The euro has been roiled by the fallout from a debt crisis that started in Greece, one of the 16-nation currency's smallest economies, after it revealed that it had been lying over the state of its public finances.

The crisis has exposed weaknesses in the monetary union and led to massive market pressure on governments to show they can reduce spending, even as the economic recovery remains fragile. The austerity measures are provoking unrest and labor protests across the continent, with Spanish civil servants on strike yesterday.

Rescue package

The euro has lost nearly 22 percent of its value against the dollar in the past six months.

Yet even as the EU agreed the details of a massive 750 billion euro (US$897 billion) financial rescue package to stave off bankruptcies, a new potential euro member stepped forward.

Estonia is set to become the currency union's 17th member in 2011, Luxembourg Prime Minister Jean-Claude Juncker, who chairs eurozone finance minister meetings, said on Monday.
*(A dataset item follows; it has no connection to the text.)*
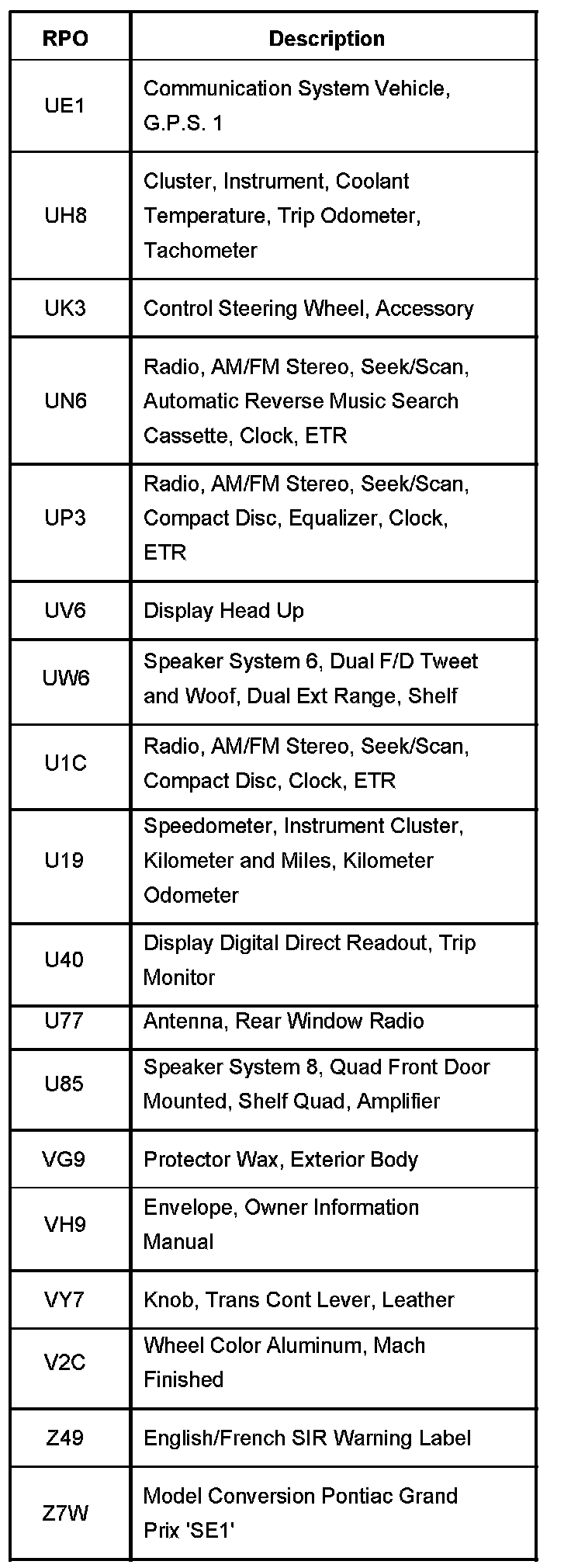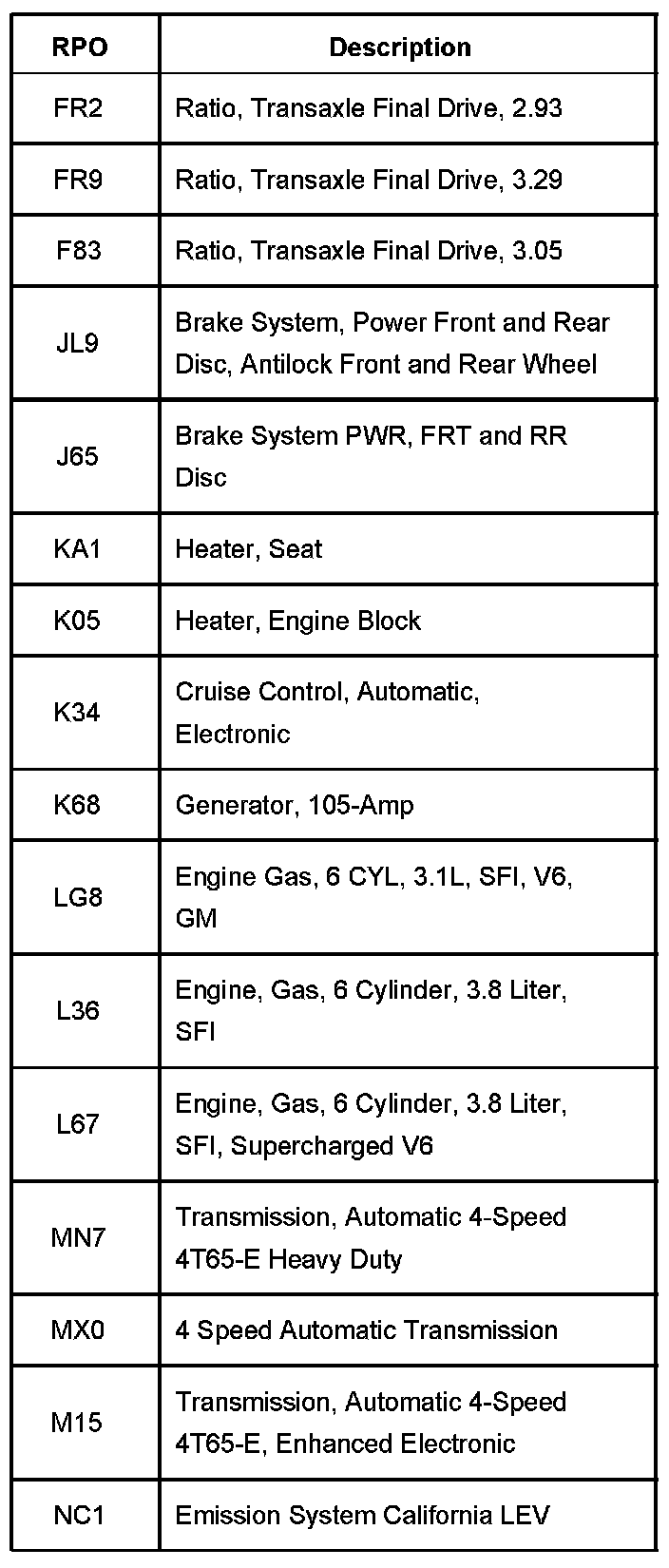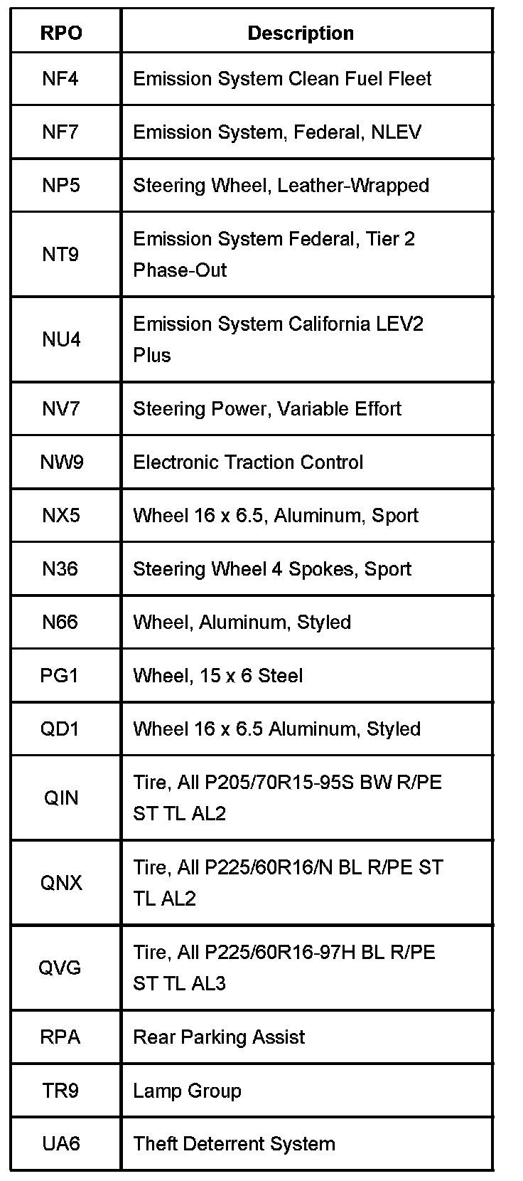 RPO Code List

Estonia will get the final word when EU finance ministers meet on July 13.

French Finance Minister Christine Lagarde said she "will welcome Estonia with a lot of satisfaction in the euro club" even as it faces a rapid overhaul of its basic rules.

"We have to go quickly to a deepening and reinforcement of the rules of governance. Economic governance means rules of functioning, budgetary responsibility, solidarity principles; on all these subjects we have to go fast," she said.

Finance ministers yesterday agreed to give the EU's statistics agency Eurostat the power to audit national public finances in heavily indebted countries - that aims at preventing countries from misreporting or falsifying statistics, as Greece did.

EU leaders will next week lay out broad goals to make their economies function better. They are also likely to accept more warnings and greater oversight of their economies.

However, Britain is adamant that it won't be sending its budget to the EU executive before it's published.